Im Jahr 2009 ging die Schweinegrippe um die Welt, die von einer neuen Variante des Influenza A-Virus H1N1 verursacht wurde. Die Weltgesundheitsorganisation hatte nach besorgniserregenden Krankheitsverläufen in Mexiko und der schnellen Verbreitung des Virus über den Globus damals den Pandemiefall ausgerufen, man wusste anfangs nicht, was auf die Welt zukam. Dass bei der Influenza neue Viren-Subtypen verheerende Auswirkungen haben können, steht außer Zweifel, dazu muss man sich nicht erst die Spanische Grippe Anfang des 20. Jahrhunderts mit mutmaßlich 50 Mio. Todesopfern weltweit in Erinnerung rufen. Schon „normale“ Grippejahre können mit vielen Toten einhergehen. Für die Grippesaison 2016/17 geht das Robert Koch-Institut allein für Deutschland von mehr als 20.000 Sterbefällen aus. Die Grippeimpfung ist also an sich eine sehr sinnvolle Impfung. Bei der Schweinegrippe gibt es allerdings eine Reihe offener Fragen.
Die Schweinegrippe hat sich im Nachhinein als recht harmlos herausgestellt, dafür hatte es einer der speziellen Pandemie-Impfstoffe in sich. Mit dem Ausrufen des Pandemiefalls traten in den Ländern Pandemiepläne in Kraft, einschließlich der Empfehlung zur Impfung mit Impfstoffen, die sehr schnell auf den Markt kamen. Der bekannteste davon war Pandemrix. Er ist nach allem, was man heute weiß, für eine erhebliche Anzahl von Narkolepsiefällen vor allem in Skandinavien verantwortlich. Ärzte haben frühzeitig vor dem Impfstoff gewarnt und hatten Bedenken, was Nebenwirkungen in Zusammenhang mit dem eingesetzten Wirkstoffverstärker AS03 anging.

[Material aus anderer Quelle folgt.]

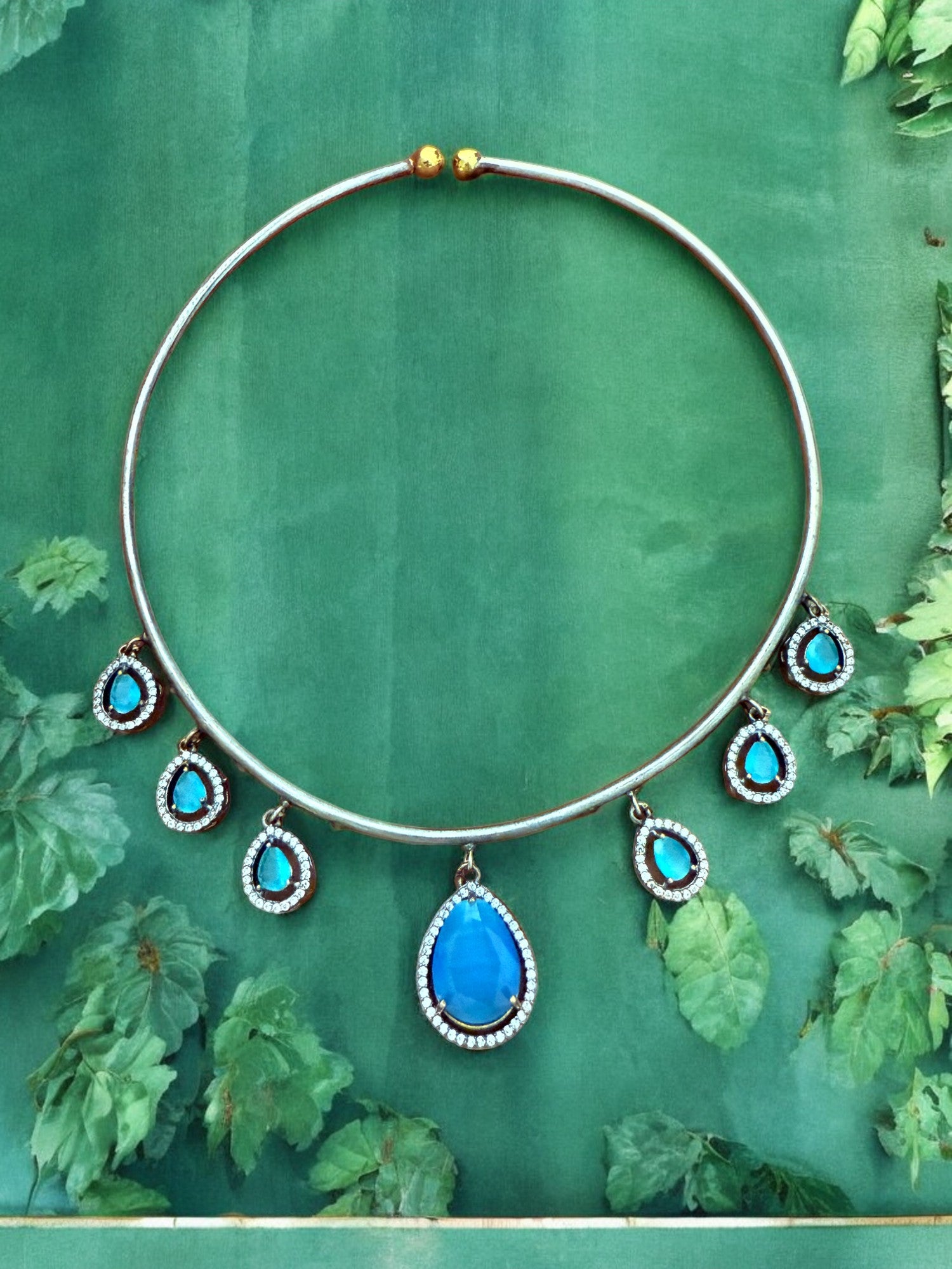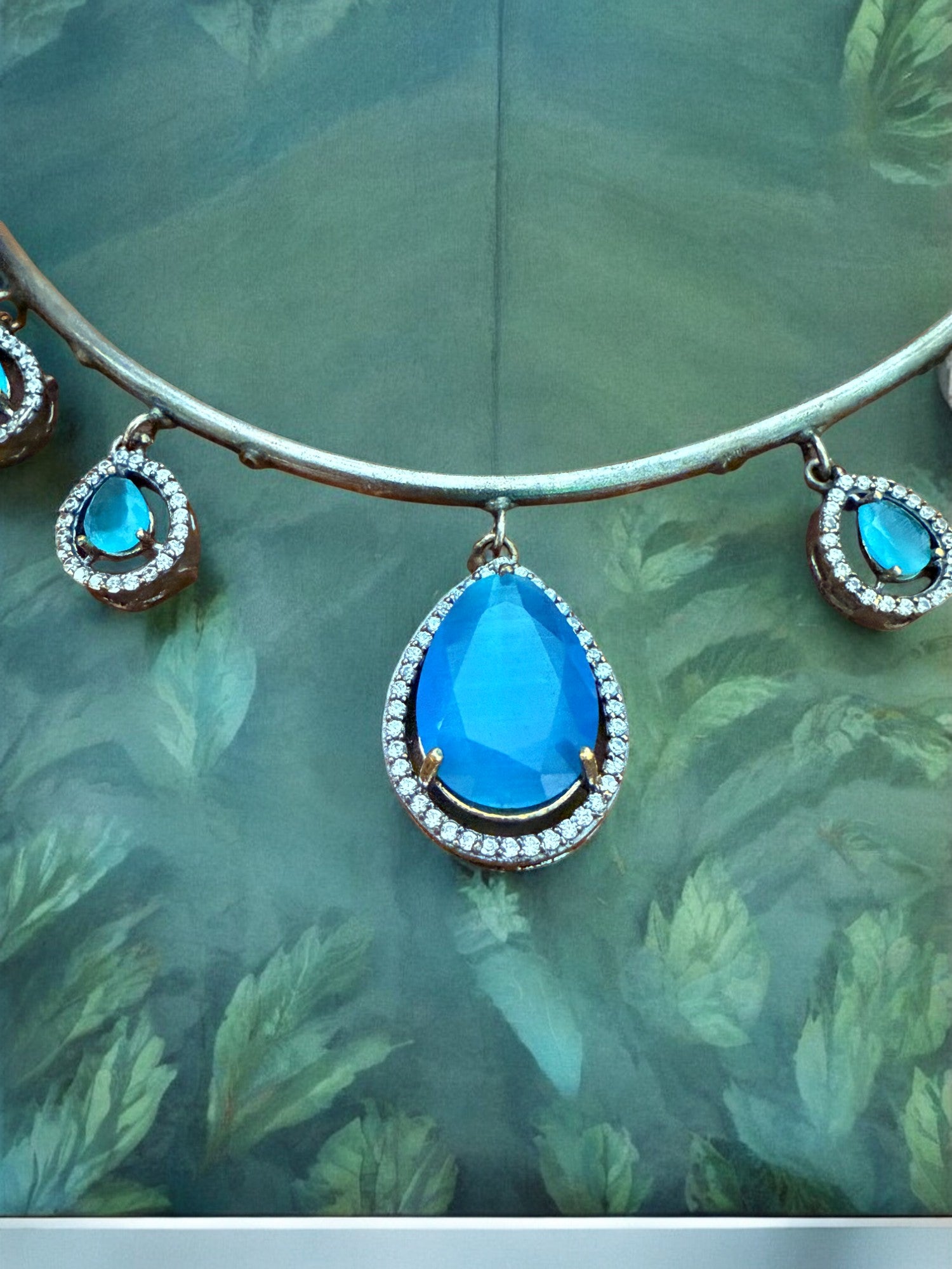 Antique Silver Finish Turquoise Blue Teardrop Hasli Set with Stud Earrings
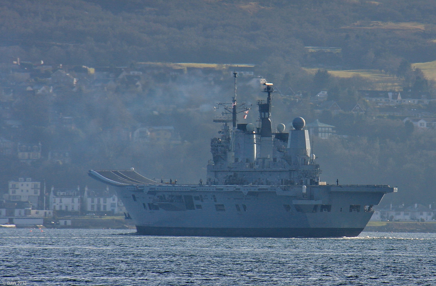 Taken from Kilcreggan looking over towards Gourock early in 2010. Just over a year later Ark Royal was decomissioned. This view shows the ramped flight deck allowing the Harrier Jets to carry a heavier payload than if they were to launch vertically. Map location.
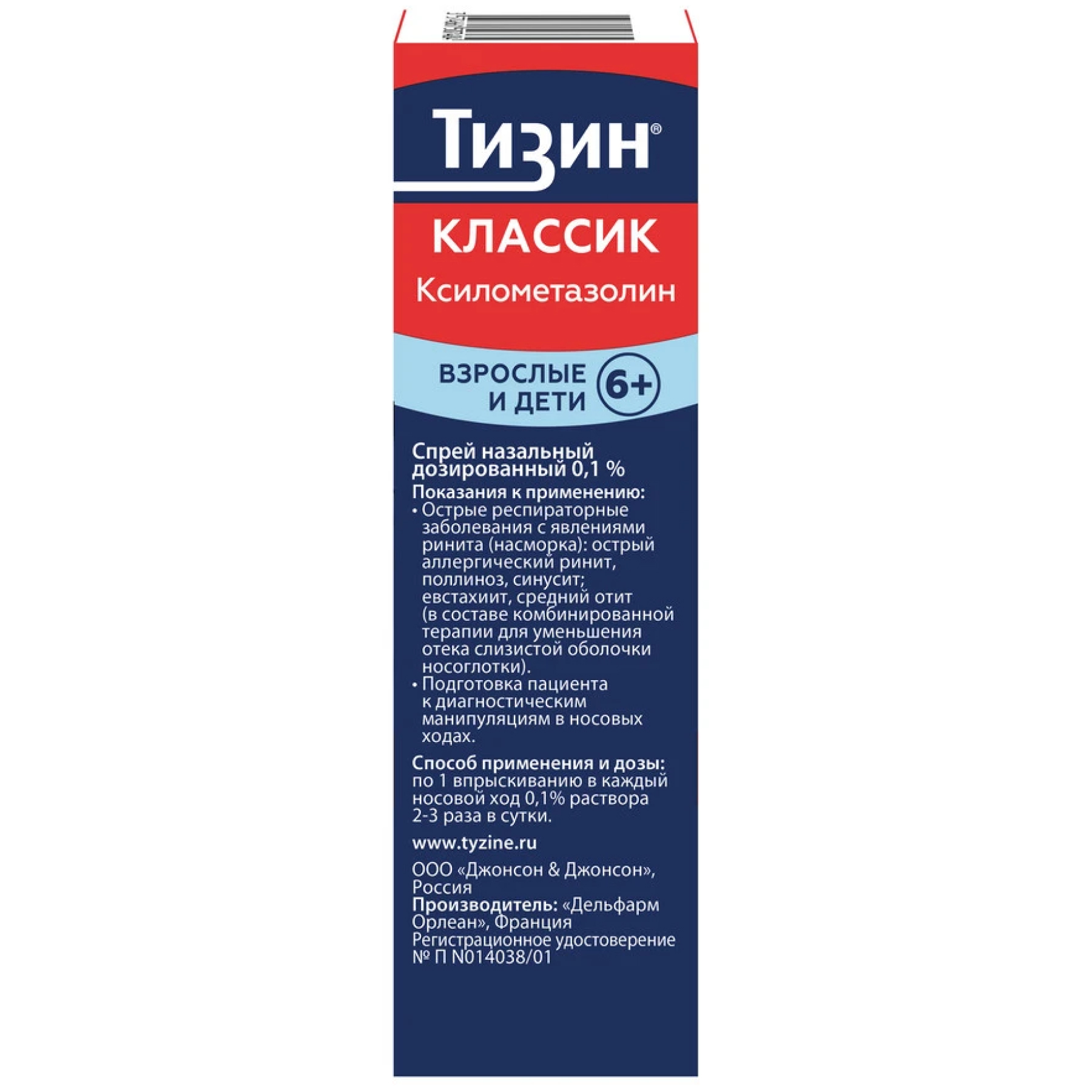 Не давайте препарат Тизин® Классик, 0,1 %, спрей назальный дозированный детям в возрасте от 0 до 2 лет вследствие риска неэффективности и вероятной небезопасности, поскольку эффективность и безопасность не установлены. Препарат в дозировке 0,1% не следует применять у детей в возрасте от 2 до 6 лет в связи с невозможностью обеспечить режим дозирования.

Nun berichtet der SPIEGEL, dass der Hersteller GSK wohl interne Dokumente über Nebenwirkungen ignoriert hat. Hintergrund ist ein Artikel von Peter Doshi im British Medical Journal. Gerichtsunterlagen belegen, dass dem Hersteller GSK frühzeitig alarmierende Hinweise auf erhebliche Unterschiede in der Häufigkeit von Nebenwirkungen bei Pandemrix und dem nahezu identischen Impfstoff Arepanrix vorlagen, was auf Probleme im Herstellungsprozess bei Pandemrix hindeuten könnte. Aus den Daten wurden, so das BMJ, aber keine Konsequenzen gezogen, die Bevölkerung wurde auch nicht informiert. Es sei, hier übernimmt das BMJ eine Formulierung einer irischen Abgeordneten, eine „avoidable catastrophe“ gewesen, eine vermeidbare Katastrophe.

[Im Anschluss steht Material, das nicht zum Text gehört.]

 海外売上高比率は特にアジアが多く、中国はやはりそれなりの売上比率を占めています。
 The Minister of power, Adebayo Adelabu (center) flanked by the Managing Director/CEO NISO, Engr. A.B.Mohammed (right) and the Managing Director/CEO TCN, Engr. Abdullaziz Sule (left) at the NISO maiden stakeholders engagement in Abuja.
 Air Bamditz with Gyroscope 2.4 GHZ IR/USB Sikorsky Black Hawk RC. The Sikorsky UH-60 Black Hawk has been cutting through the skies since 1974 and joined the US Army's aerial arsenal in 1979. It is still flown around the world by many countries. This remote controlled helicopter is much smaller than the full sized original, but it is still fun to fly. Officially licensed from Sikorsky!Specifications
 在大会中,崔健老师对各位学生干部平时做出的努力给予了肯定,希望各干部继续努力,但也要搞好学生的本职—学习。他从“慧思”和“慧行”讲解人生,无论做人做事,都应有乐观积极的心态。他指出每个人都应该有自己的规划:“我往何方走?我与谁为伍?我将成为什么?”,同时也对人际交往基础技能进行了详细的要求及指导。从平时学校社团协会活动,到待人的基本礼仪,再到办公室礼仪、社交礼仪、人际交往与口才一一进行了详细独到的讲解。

Wie gesagt, die Grippeimpfung ist an sich eine sehr sinnvolle und potentiell für viele Menschen lebensrettende Impfung und Pandemrix ist auch nicht mehr auf dem Markt. Aber was bleibt von alldem wohl in den Köpfen hängen? Die Pharmaindustrie genießt bekanntlich ohnehin keinen guten Ruf, dazu hat sie sich schon zu viel geleistet und dieser Vorfall wird absehbar Wasser auf den Mühlen der Impfgegner sein. Die Impfaufklärung hat wieder einen Klotz mehr am Bein.